Just when you seem to getting an idea on your inpatients, the emergency rotation day shows up with a large number of cases of stroke, neuroinfections, GBS, CVTs and a lot of patients with uncertain diagnosis referred from peripheries for opinions and diagnoses to the casualty. And CTs showing white or black holes or none, lead us to scratch our brains more… for that diagnosis !!!


 A variety of neurological, non-neurological and surgical cases show up, which we try to sort out despite the huge anxious crowd, while discussing with seniors and consultants and calling the radiology residents for opinions and more often for urgent MRIs. These along with a quick article download on your tablet/phablet (carefully chosen and updated for its fastest internet speed and a still faster processor, usu. the best in the market!!! ) about all the odd points in your case and we are ready to show it to consultant. 


The evenings start with a tea and a talk with seniors/juniors on how to go about the rest of the day left and make the best of it. The nursing staff welcomes you to ward back with “doctorji… patient was asking for you” and you know the admissions were waiting for you. Start history taking, attend casualty calls in between, arrange EEGs, MRIs, biopsies, and do nerve conductions explaining them that its only a mild shock ( !!! ) and when it accidentally shocks you – jump up from your chair and the patient is smiling at you !!!  The day ends with a plan to read articles relevant for that day and when we wake up we realize that it’s a new day, you barely have time for taking a print-out which is rushed through and finds a place in one of the files… And the process repeats again… and in between calls from home/friends and sometimes a message from an old inpatient asking you how are you doing…

A day in the life of a Psychiatric Social Worker

Doing M. Phil in a medical institute like NIMHANS brings a variety of new experiences every day, be it in departmental activities or in clinical work and training programmes.

 

Intense thirst for knowledge and commitment to clinical works keeps you on the run all the time. Time is the scarce thing here. Blessed are those who’ve got the optimum time management skills. Wherever you turn around, there is a known face at any point of time.
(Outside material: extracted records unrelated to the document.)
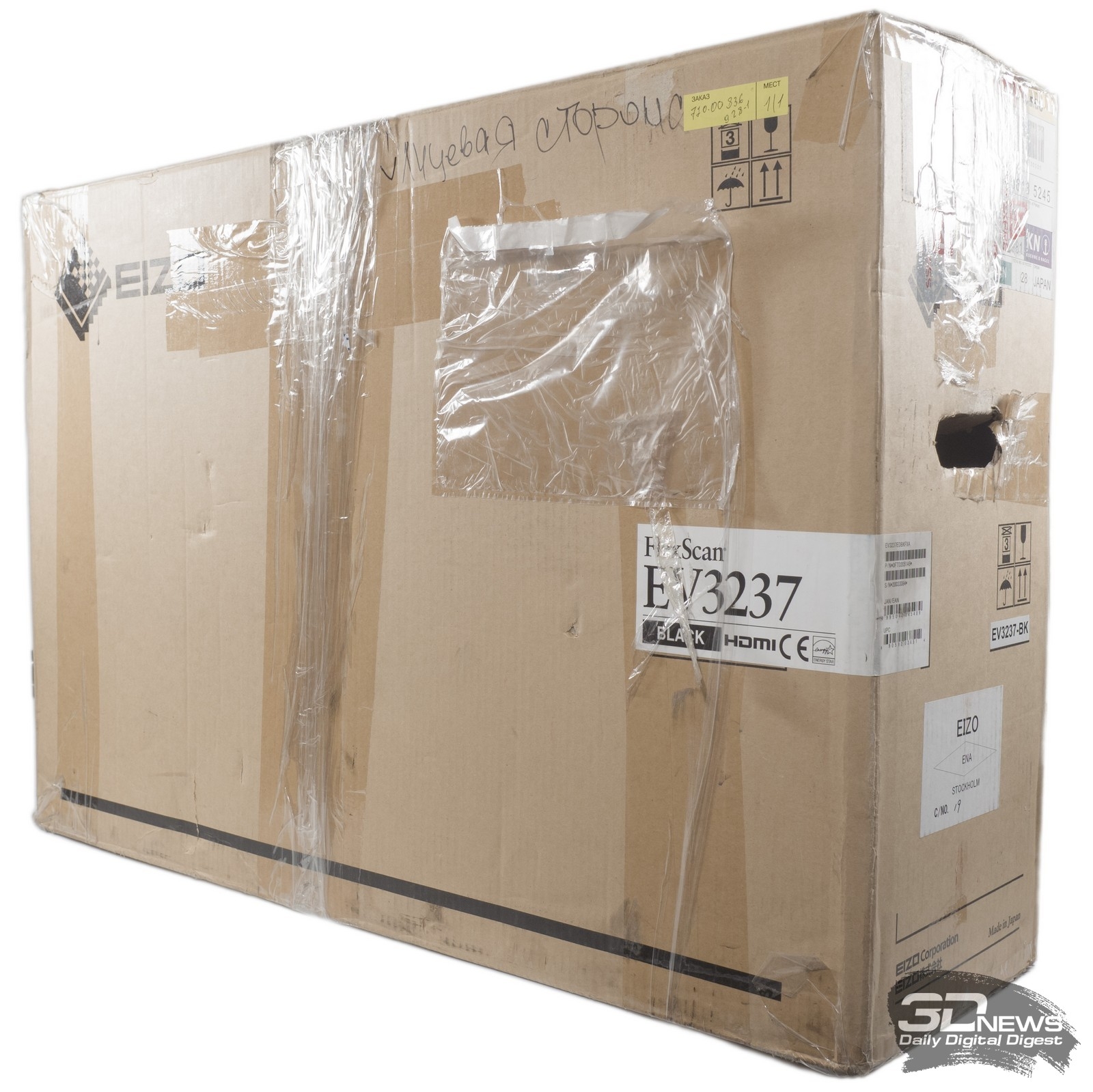 Монитор EIZO EV3237 поставляется в простой картонной коробке внушительных размеров в полностью собранном состоянии. Ни фотографий, ни какой-либо информации о технических преимуществах этой модели на ее упаковке нет. Для удобства транспортировки можно воспользоваться двумя специальными вырезами на торцах.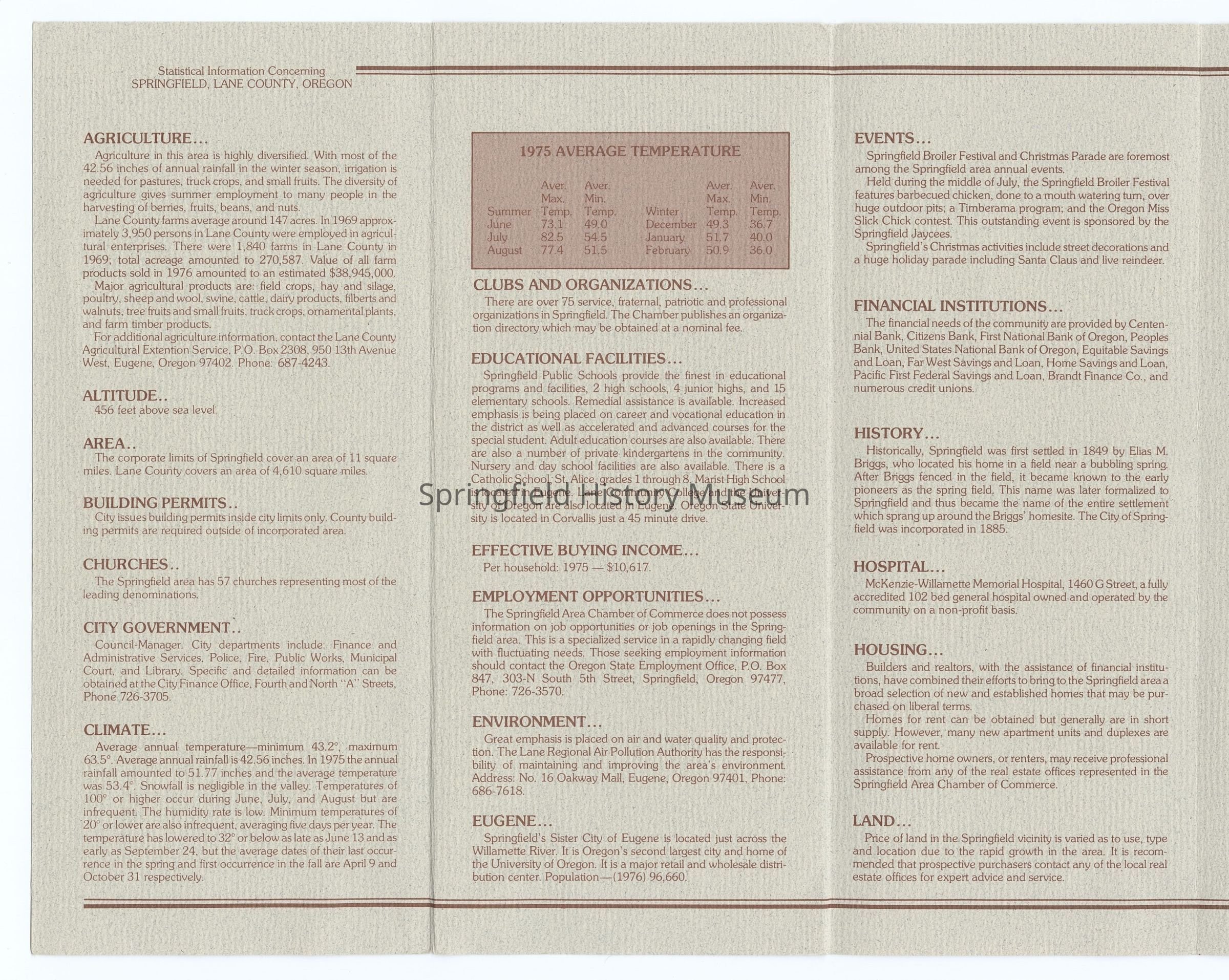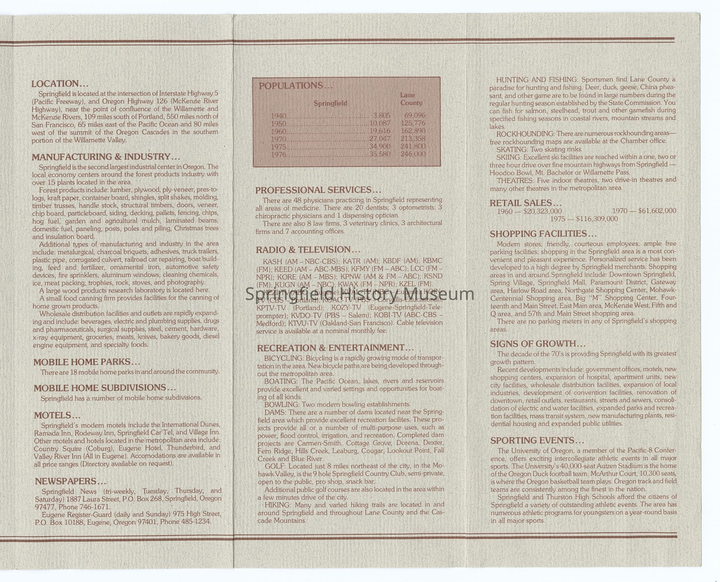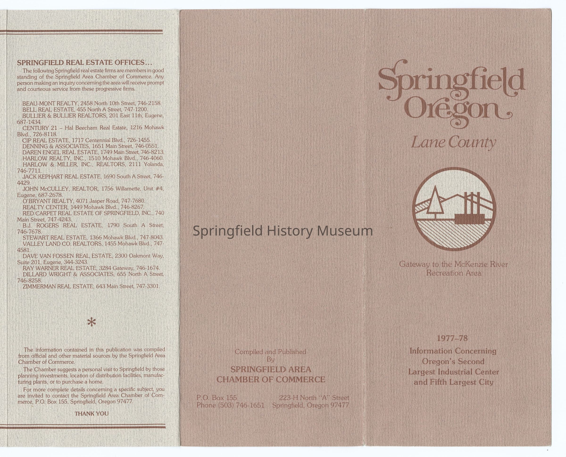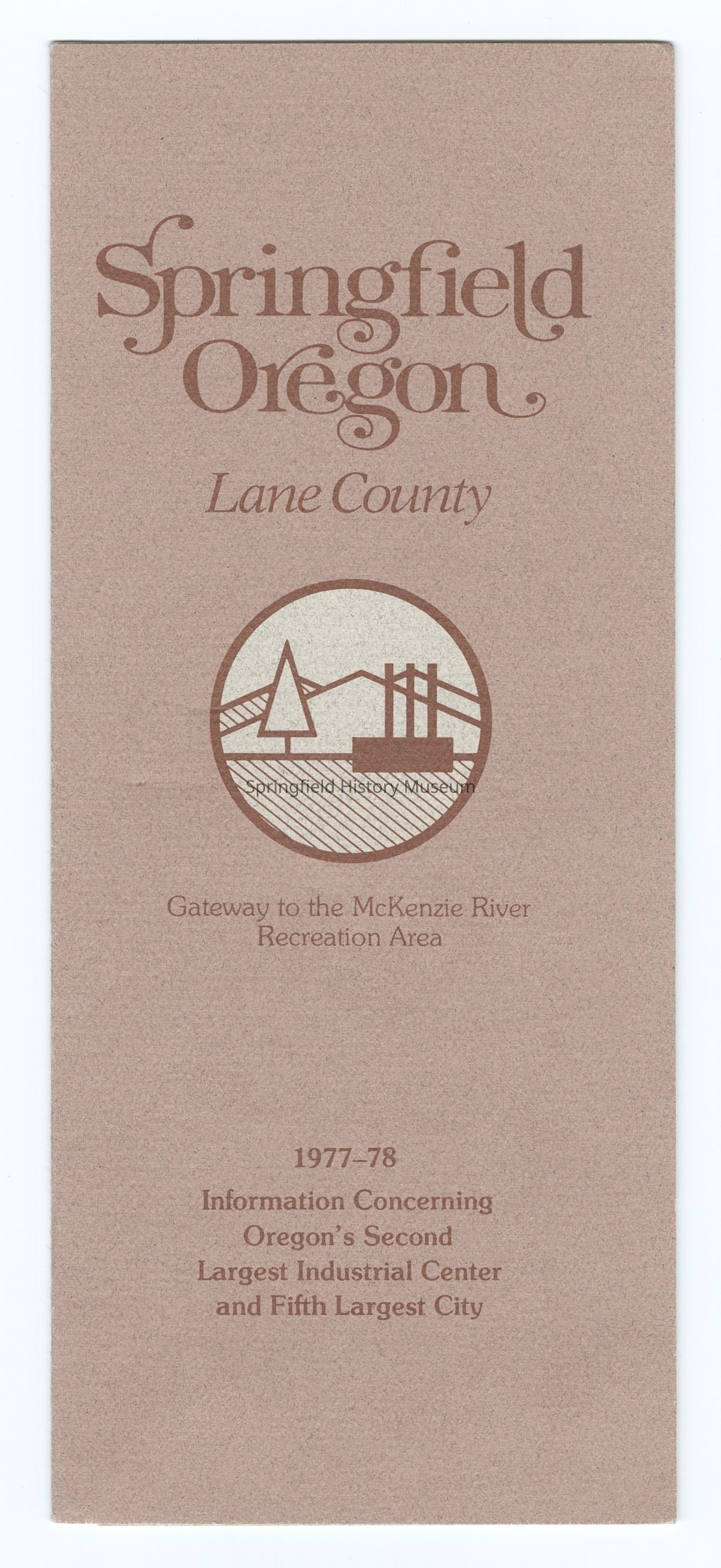 6-panel folded informational brochure titled "1977-1978, Information Concerning Oregon's Second Largest Industrial Center and Fifth Largest City", contains statistical data on Springfield. Pink-toned brochure. Compiled by Springfield Chamber of Commerce.Context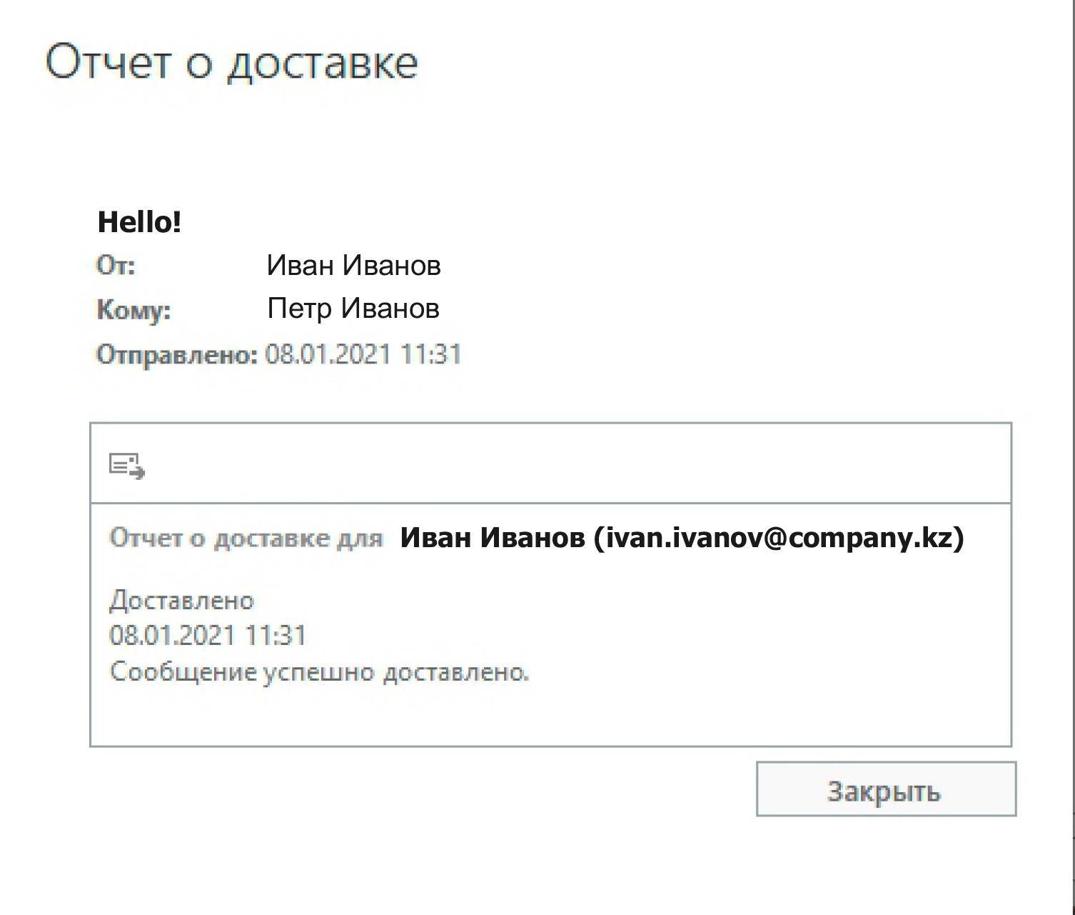 Откроется окно Отчета о доставке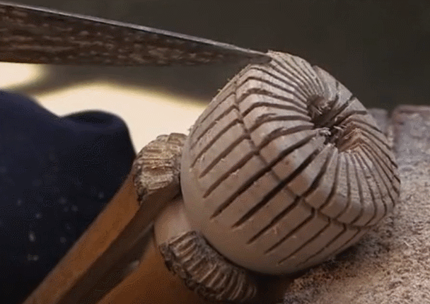 工匠将支撑伞面的长骨安插在伞木顶,定好位之后,把撑骨卡在槽里面。然后用线分别在每根相邻的撑骨和长骨的孔之间串起来,在长骨里每穿一根,还要绕线三圈来固定。这样,一个能伸缩张合的伞骨就基本做好了。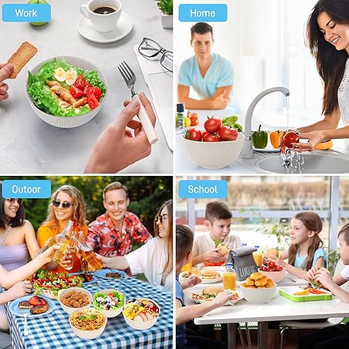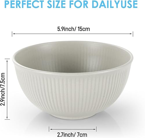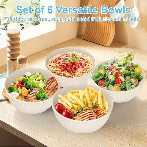 Esilihom Lot de 6 bols à céréales incassables en plastique léger et réutilisables pour fêtes, pique-niques, camping, petit déjeuner, salade, pâtes, soupe, nouilles, collation (beige)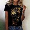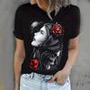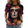 Skelett Blumenmuster T-Shirt Damen 3D Gedruckt Kurze Ärmel Sommer Locker O-Ausschnitt Lässig Bequem Modisch T-Shirt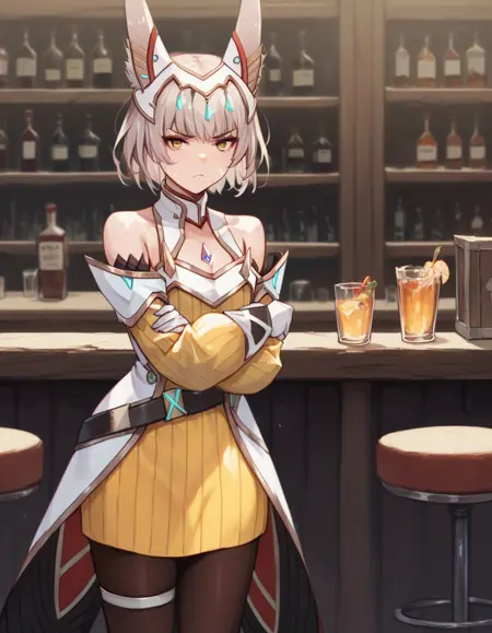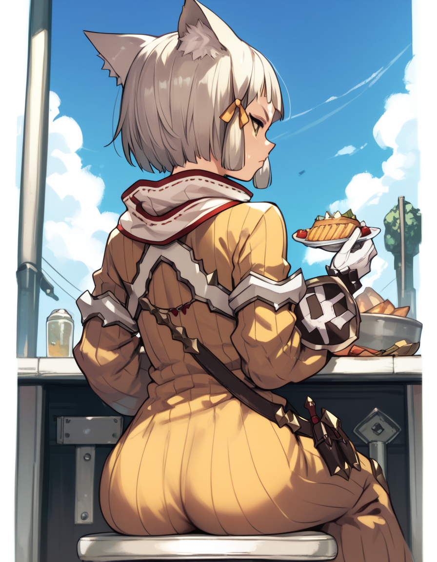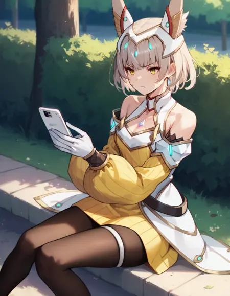 niadrvrxb2, cat ears, cat girl, white gloves, yellow bodysuit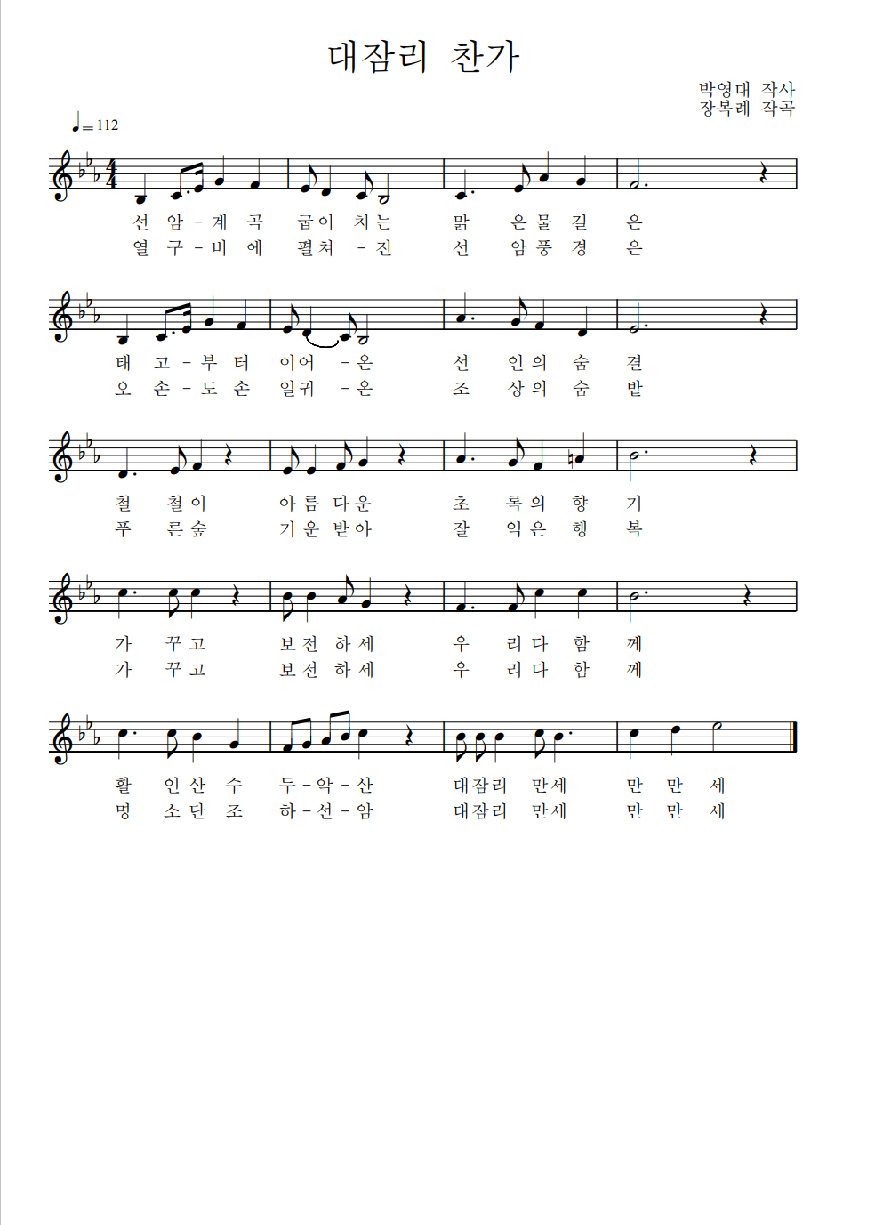 작사와 작곡은 주민인 박영대 시인이 노랫말을 짓고 작곡가에게 곡을 의뢰하여 대잠리 찬가를 만들게 되었다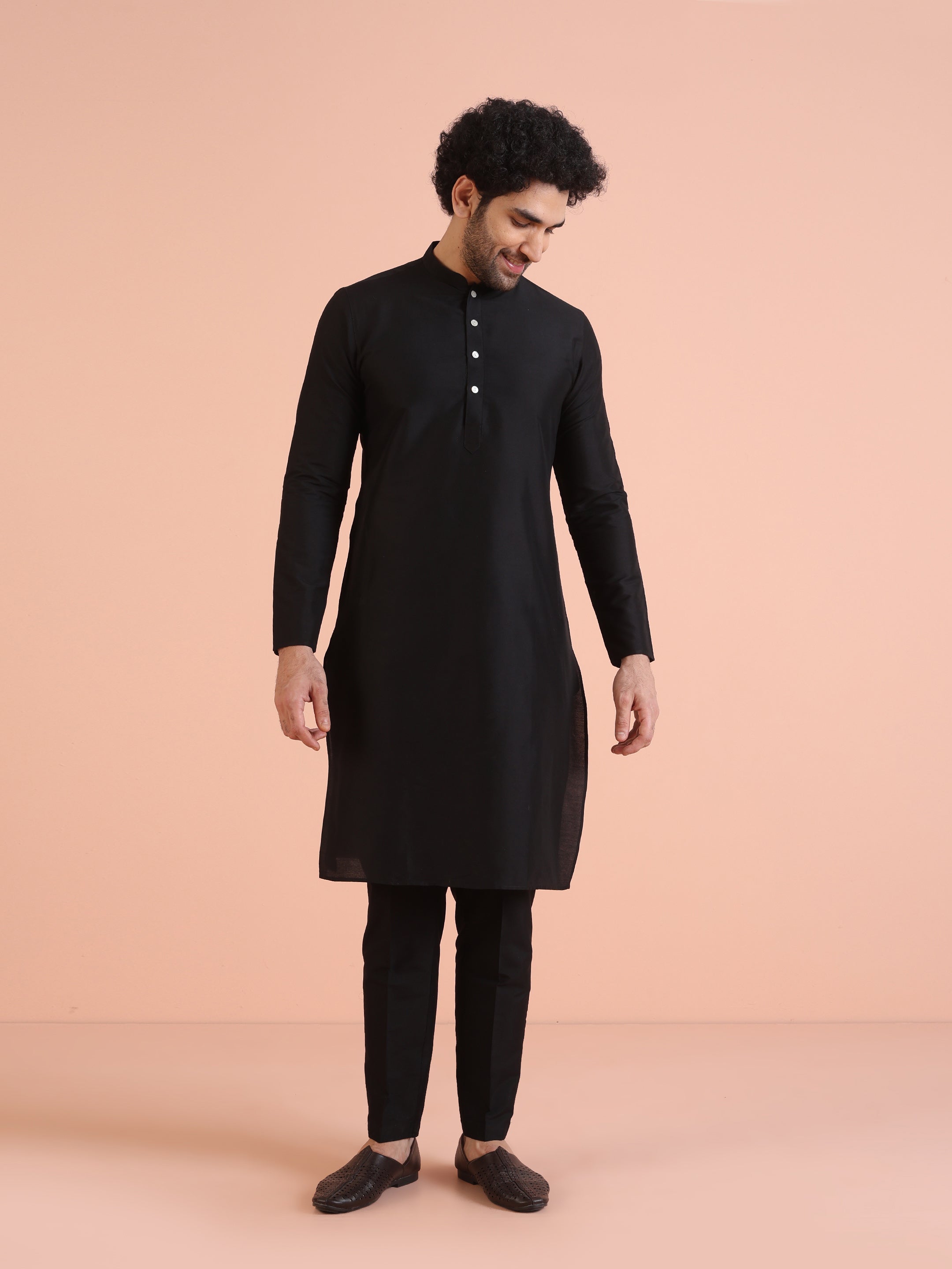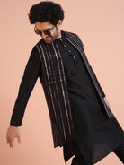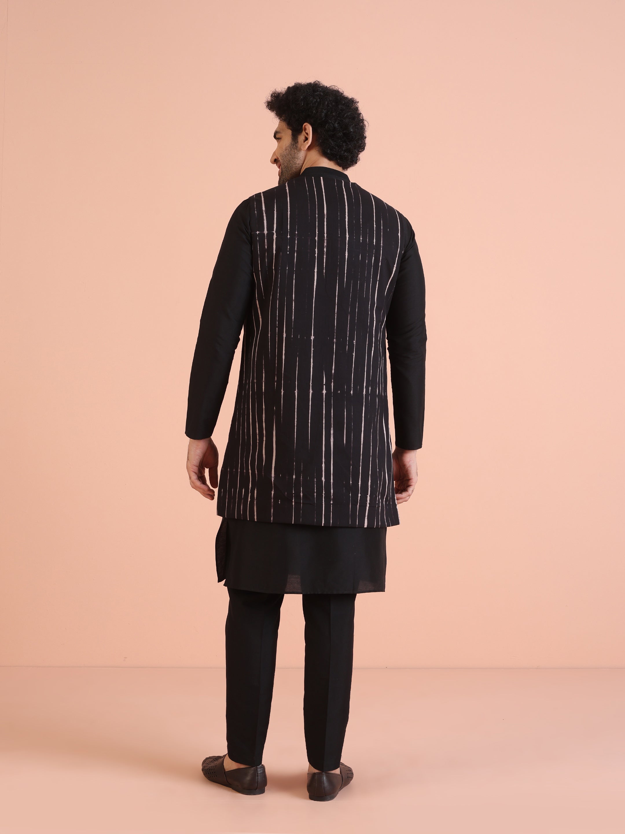 This black cotton blend kurta, jacket, and trouser set features a printed design and regular fit. Ideal for traditional occasions or casual wear, it combines style with comfort.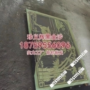 印度黑金沙石材黑金砂牌匾浮雕石雕印度黑石安哥拉黑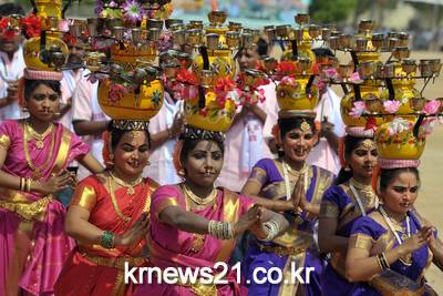 ▲ 인도의 하이데라바드 건국 기념 행사 ⓒAFP인도 세쿤데라바드의 새로운 도시인 하이데라바드의 건국을 기념하는 공연이 진행되고 있다.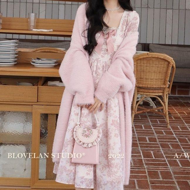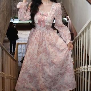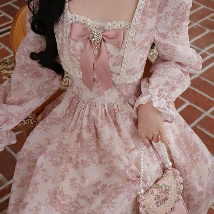 25OCLOCK - Floral Dress Bronzing Motif Manis / Dress Autumn Pink Ribbon Pink - Merah Jambu, S

Taking the responsibility to offer professional help to people who visit the OPD; after doing so much from morning, still feeling duty-bound to walk back in the evenings to wards to see your clients; having to do detailed workup in a language you hardly know,  catching up with friends near Nagaraj tea stall in break and doing a “Chai pe Charcha” on totally irrelevant topics; talking a long glimpse at the campus trees that take turn to bloom seasonally; walking in the middle of flowers and leaves that keep filling the campus roads, campus pets welcoming you every place you go; watching someone feeding them; occasional festival celebrations at departments; weekend dinners; preparing for at least one presentation for the unit or department once in every 15 days…… every day is a new day and makes you enjoy the mixed experiences of anxiety, happiness, tension, worries, success, relaxation, learning, respect, mistakes….

There is so much that everyday life at NIMHANS gives you to learn for your personal life, much more than your professional life and that is the beauty of a day being a Psychiatric Social Worker at NIMHANS.